═══ INPUT ═══

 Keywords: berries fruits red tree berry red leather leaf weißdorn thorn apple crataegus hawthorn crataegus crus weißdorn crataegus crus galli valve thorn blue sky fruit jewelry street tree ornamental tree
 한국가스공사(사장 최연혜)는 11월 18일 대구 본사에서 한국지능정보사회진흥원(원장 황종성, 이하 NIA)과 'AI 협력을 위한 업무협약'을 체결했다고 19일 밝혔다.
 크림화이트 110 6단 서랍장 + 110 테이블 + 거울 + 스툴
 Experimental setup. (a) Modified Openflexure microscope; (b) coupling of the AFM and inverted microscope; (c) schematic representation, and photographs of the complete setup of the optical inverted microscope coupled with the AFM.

═══
═══ INPUT ═══

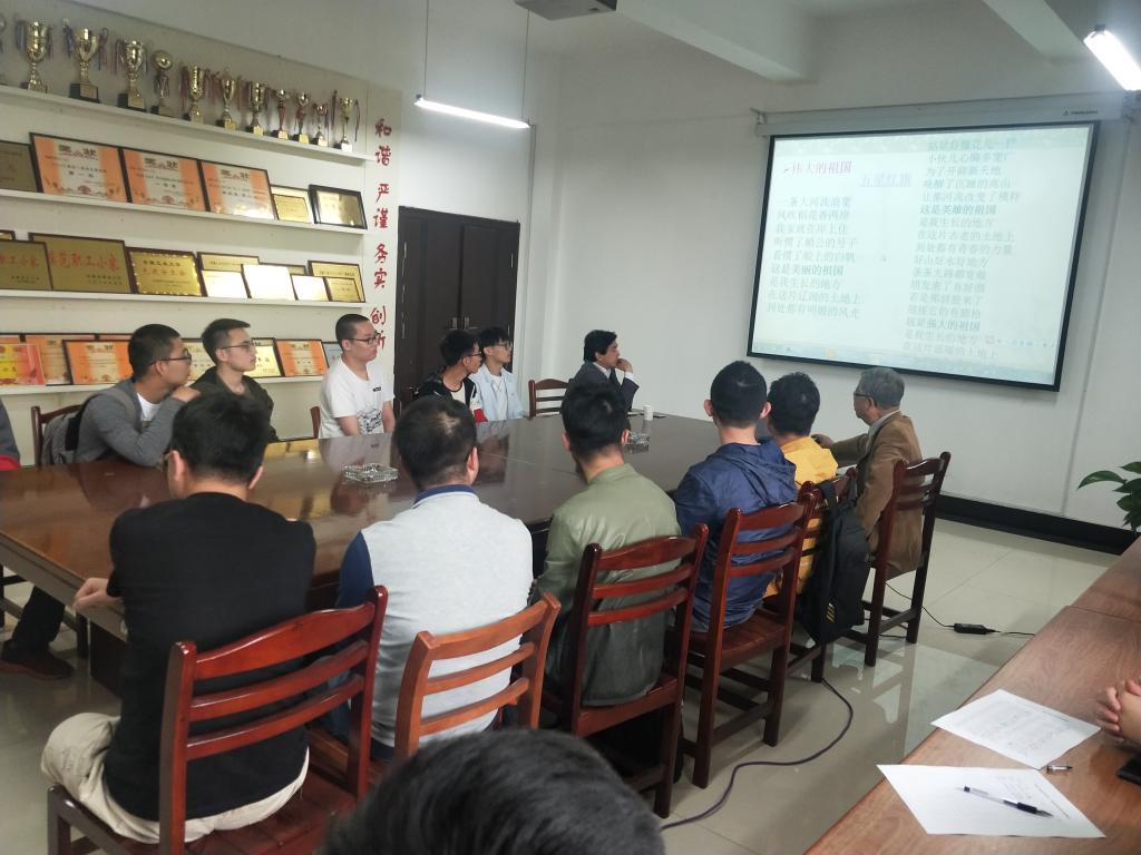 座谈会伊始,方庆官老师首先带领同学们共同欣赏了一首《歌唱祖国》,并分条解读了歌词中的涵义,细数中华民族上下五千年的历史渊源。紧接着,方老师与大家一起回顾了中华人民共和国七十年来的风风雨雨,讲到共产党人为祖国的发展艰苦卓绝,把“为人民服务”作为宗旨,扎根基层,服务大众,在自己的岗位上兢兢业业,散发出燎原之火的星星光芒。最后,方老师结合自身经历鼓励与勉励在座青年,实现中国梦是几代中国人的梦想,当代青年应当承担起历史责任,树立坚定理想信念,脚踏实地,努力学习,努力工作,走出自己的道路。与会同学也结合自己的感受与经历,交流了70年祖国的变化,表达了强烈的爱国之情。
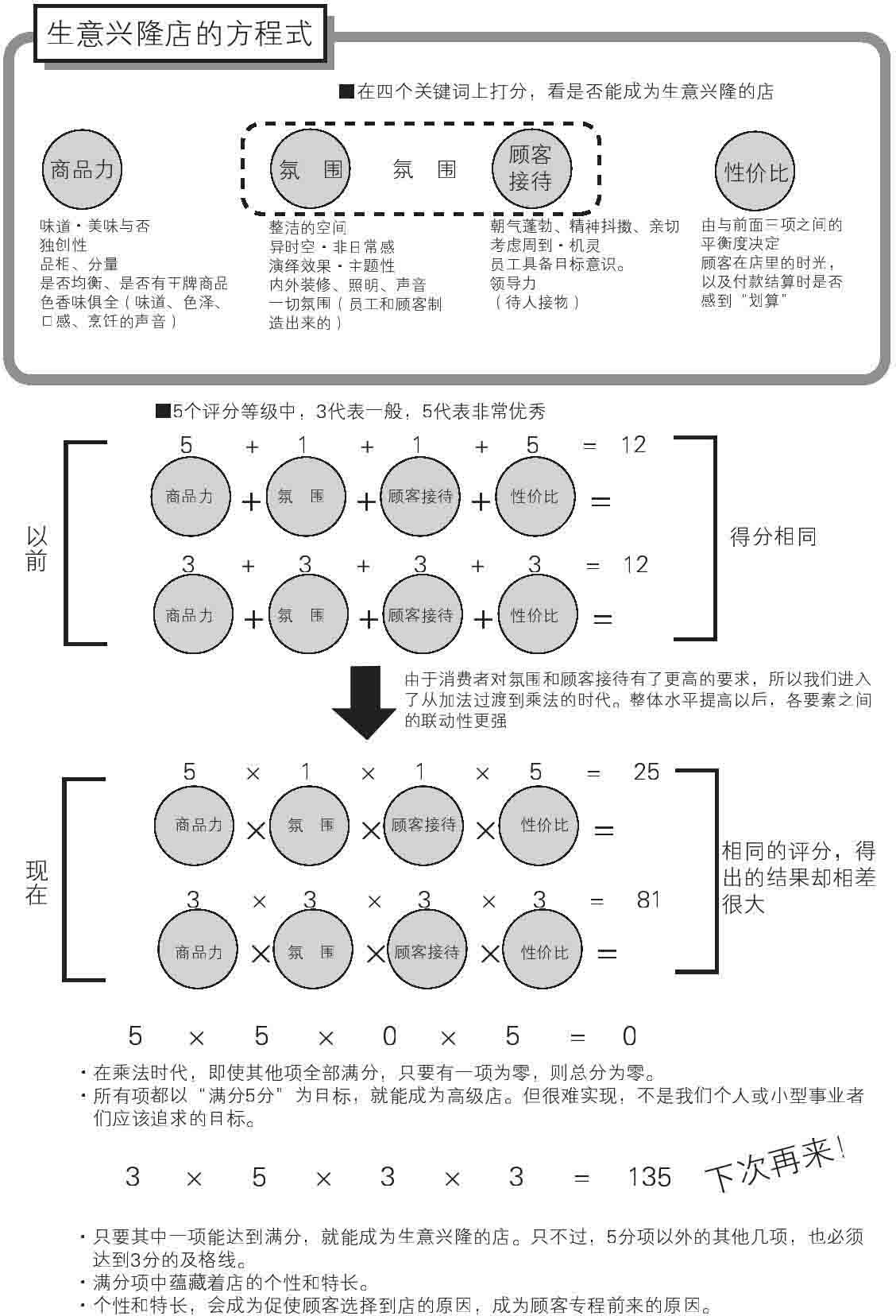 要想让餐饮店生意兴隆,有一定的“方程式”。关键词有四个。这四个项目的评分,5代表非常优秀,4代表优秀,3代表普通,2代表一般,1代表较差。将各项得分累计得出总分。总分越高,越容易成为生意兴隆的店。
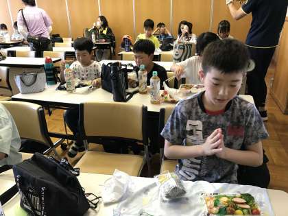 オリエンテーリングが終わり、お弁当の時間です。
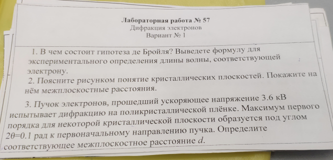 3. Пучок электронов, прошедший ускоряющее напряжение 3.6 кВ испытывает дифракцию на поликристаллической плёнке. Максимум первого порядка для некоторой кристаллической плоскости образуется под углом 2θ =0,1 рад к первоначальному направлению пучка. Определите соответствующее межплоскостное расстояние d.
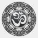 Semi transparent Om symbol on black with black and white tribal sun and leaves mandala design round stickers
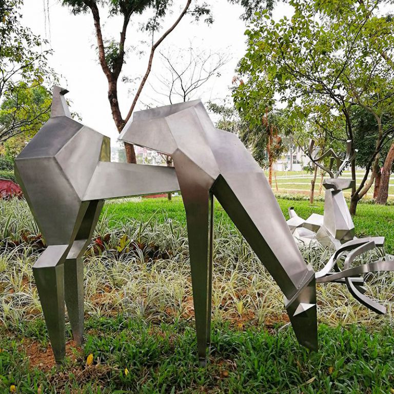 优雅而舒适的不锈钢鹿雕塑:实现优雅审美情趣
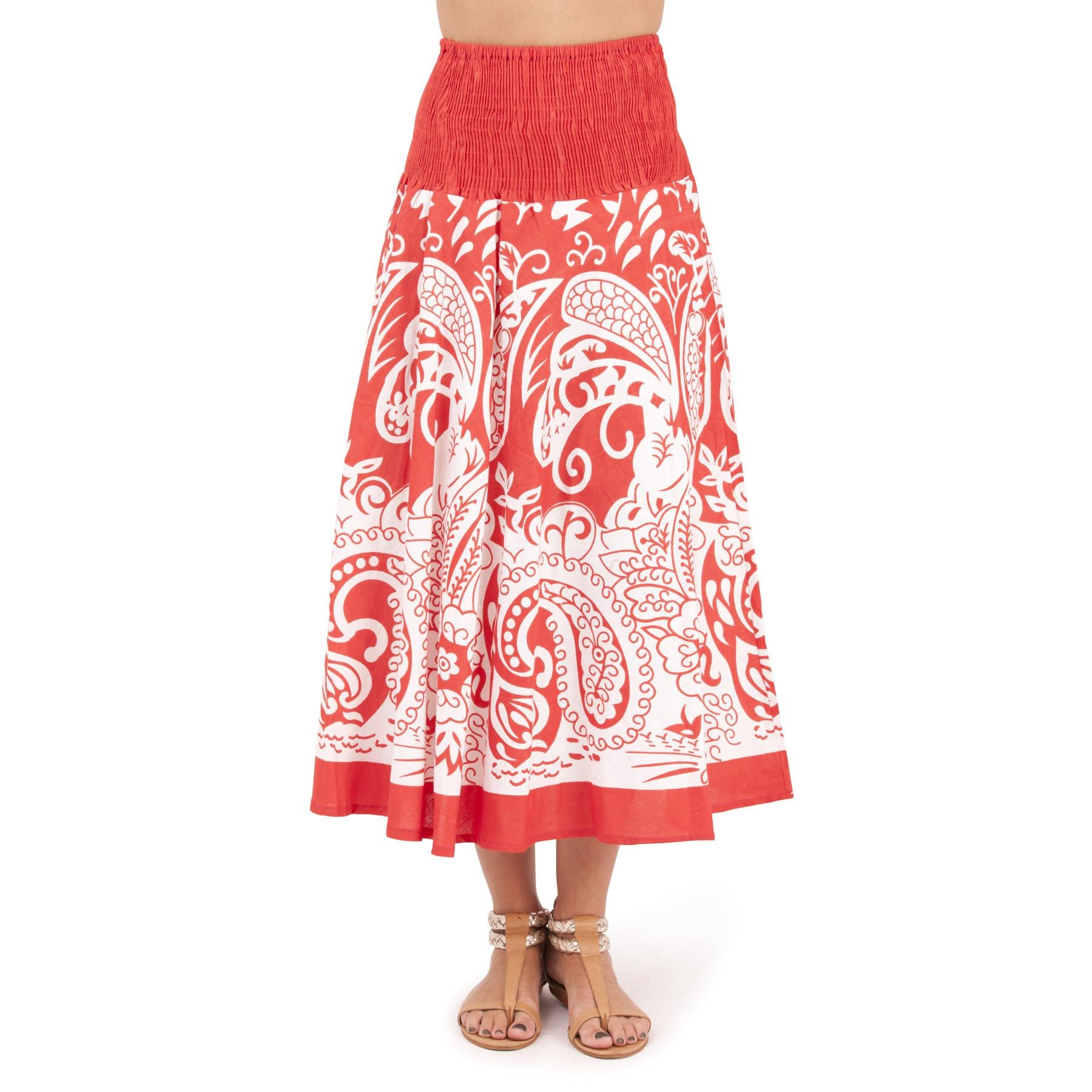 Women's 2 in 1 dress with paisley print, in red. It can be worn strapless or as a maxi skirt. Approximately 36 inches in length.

═══
═══ INPUT ═══

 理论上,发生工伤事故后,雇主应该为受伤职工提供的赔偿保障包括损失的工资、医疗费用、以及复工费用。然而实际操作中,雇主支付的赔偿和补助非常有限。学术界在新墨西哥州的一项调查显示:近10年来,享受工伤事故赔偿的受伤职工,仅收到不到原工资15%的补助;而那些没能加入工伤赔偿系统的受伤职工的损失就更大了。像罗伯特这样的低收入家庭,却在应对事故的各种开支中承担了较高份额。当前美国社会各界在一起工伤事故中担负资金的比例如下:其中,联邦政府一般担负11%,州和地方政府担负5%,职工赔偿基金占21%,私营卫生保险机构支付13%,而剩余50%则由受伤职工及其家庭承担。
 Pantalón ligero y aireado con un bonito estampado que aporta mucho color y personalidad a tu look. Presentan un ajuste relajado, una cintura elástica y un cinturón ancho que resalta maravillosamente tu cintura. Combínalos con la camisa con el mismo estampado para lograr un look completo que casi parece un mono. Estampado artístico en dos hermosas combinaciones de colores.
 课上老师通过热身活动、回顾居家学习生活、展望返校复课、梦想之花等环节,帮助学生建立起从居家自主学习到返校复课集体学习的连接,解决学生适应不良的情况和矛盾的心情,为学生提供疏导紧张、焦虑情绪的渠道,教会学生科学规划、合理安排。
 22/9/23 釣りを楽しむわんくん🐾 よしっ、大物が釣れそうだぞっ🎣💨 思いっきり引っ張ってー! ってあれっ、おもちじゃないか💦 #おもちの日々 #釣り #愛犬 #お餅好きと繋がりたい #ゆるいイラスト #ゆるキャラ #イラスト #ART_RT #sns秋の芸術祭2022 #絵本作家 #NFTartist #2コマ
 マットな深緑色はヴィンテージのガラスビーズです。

═══

* **WORK REQUEST**
Please, from the material above, copy only the lines from the line with "22/9/23 釣りを楽しむわんくん🐾 よしっ、大物が釣れそうだぞっ🎣💨" up to and including the line with "マットな深緑色はヴィンテージのガラスビーズです。", exactly as written.

* **ANSWER BOX**
 22/9/23 釣りを楽しむわんくん🐾 よしっ、大物が釣れそうだぞっ🎣💨 思いっきり引っ張ってー! ってあれっ、おもちじゃないか💦 #おもちの日々 #釣り #愛犬 #お餅好きと繋がりたい #ゆるいイラスト #ゆるキャラ #イラスト #ART_RT #sns秋の芸術祭2022 #絵本作家 #NFTartist #2コマ
 マットな深緑色はヴィンテージのガラスビーズです。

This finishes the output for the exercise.